Journal name Journal of molecular and cellular cardiology
Volume number 44
Issue number 2
Start page 270
End page 280
Publisher Academic Press
Place of publication London, England
Publication date 2008-02
ISSN 0022-2828
Keyword(s) hypertrophy
insulin resistance
GLUT4 transporter
metabolic remodelling
myocardial metabolism
gene expression profiling
Summary Impaired glucose uptake is associated with both cardiac hypertrophy and contractile dysfunction, but whether there are common underlying  mechanisms linking these conditions is yet to be determined. Using a ‘gene dose’ Cre-Lox GLUT4-deficient murine model, we examined the effect of suppressed glucose availability on global myocardial gene expression and glycolysis substrate bypass on the function of isolated perfused hearts.

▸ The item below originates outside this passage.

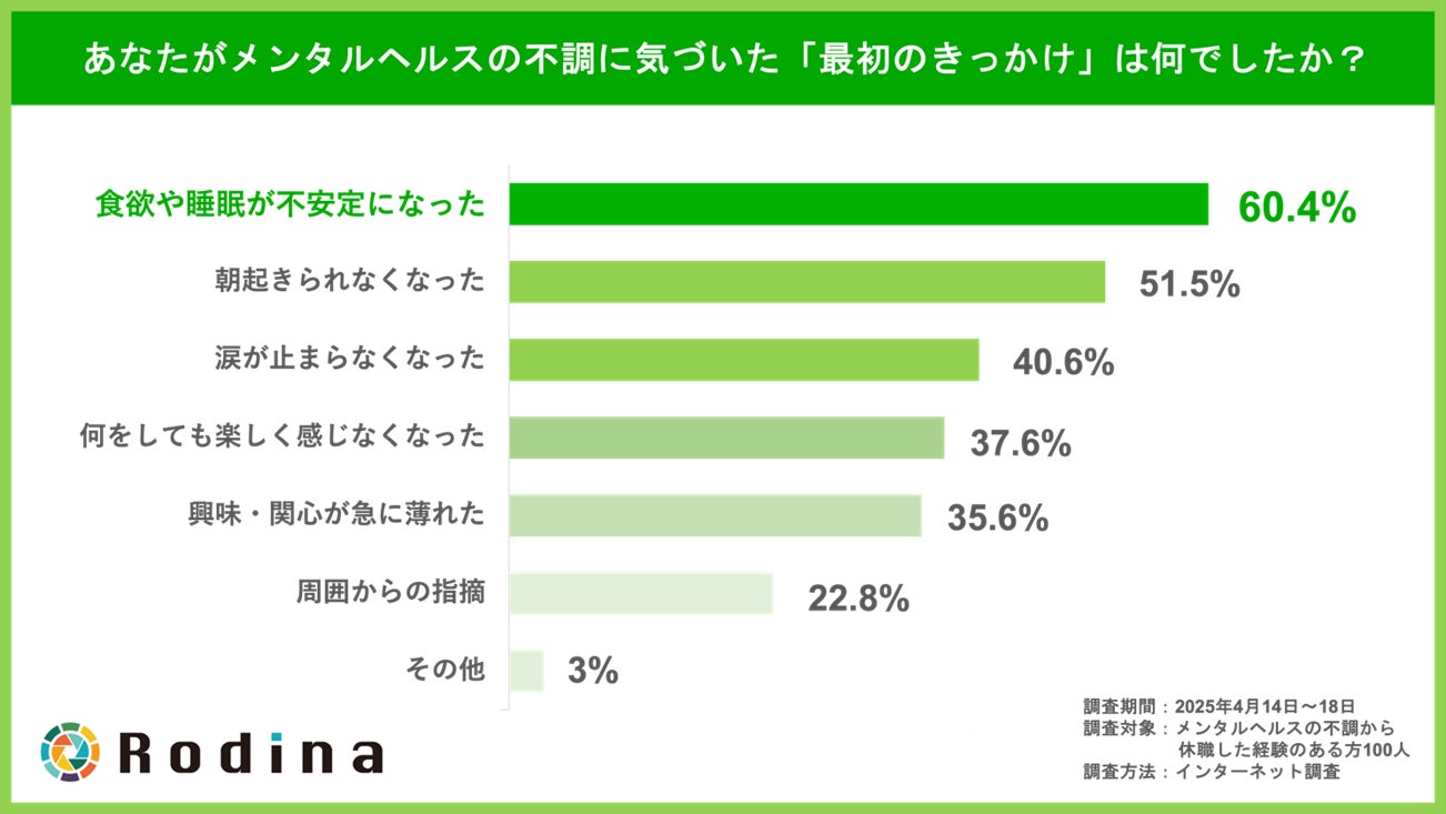 ・メンタルヘルスの不調に気づいた最初のきっかけは「食欲・睡眠が不安定になった」

Performance of hearts from 22- to 60-week-old male GLUT4 knockout (KO, > 95% reduction in GLUT4), GLUT4 knockdown (KD, 85% reduction in cardiac GLUT4) and C57Bl/6 wild-type (WT) controls was measured ex vivo in Langendorff mode perfusion. DNA microarray was used to profile mRNA expression differences between GLUT4-KO and GLUT4-KD hearts. At 22 weeks, GLUT4-KO hearts exhibited cardiac hypertrophy and impaired contractile function ex vivo, characterized by a 40% decrease in developed pressure. At 60 weeks, dysfunction was accentuated in GLUT4-KO hearts and evident in GLUT4-KD hearts. Exogenous pyruvate (5 mM) restored systolic pressure to a level equivalent to WT (GLUT4-KO, 176.8 ± 13.2 mmHg vs. WT, 146.4 ± 9.56 mmHg) in 22-week-old GLUT4-KO hearts but not in 60-week-old GLUT4-KO hearts. In GLUT4-KO, DNA microarray analysis detected downregulation of a number of genes centrally involved in mitochondrial oxidation and upregulation of other genes indicative of a shift to cytosolic β-oxidation of long chain fatty acids. A direct link between cardiomyocyte GLUT4 deficiency, hypertrophy and contractile dysfunction is demonstrated. These data provide mechanistic insight into the myocardial metabolic adaptations associated with short and long-term insulin resistance and indicate a window of opportunity for substrate intervention and functional ‘rescue’.
Language eng
DOI 10.1016/j.yjmcc.2007.11.020
Field of Research 110201 Cardiology (incl Cardiovascular Diseases)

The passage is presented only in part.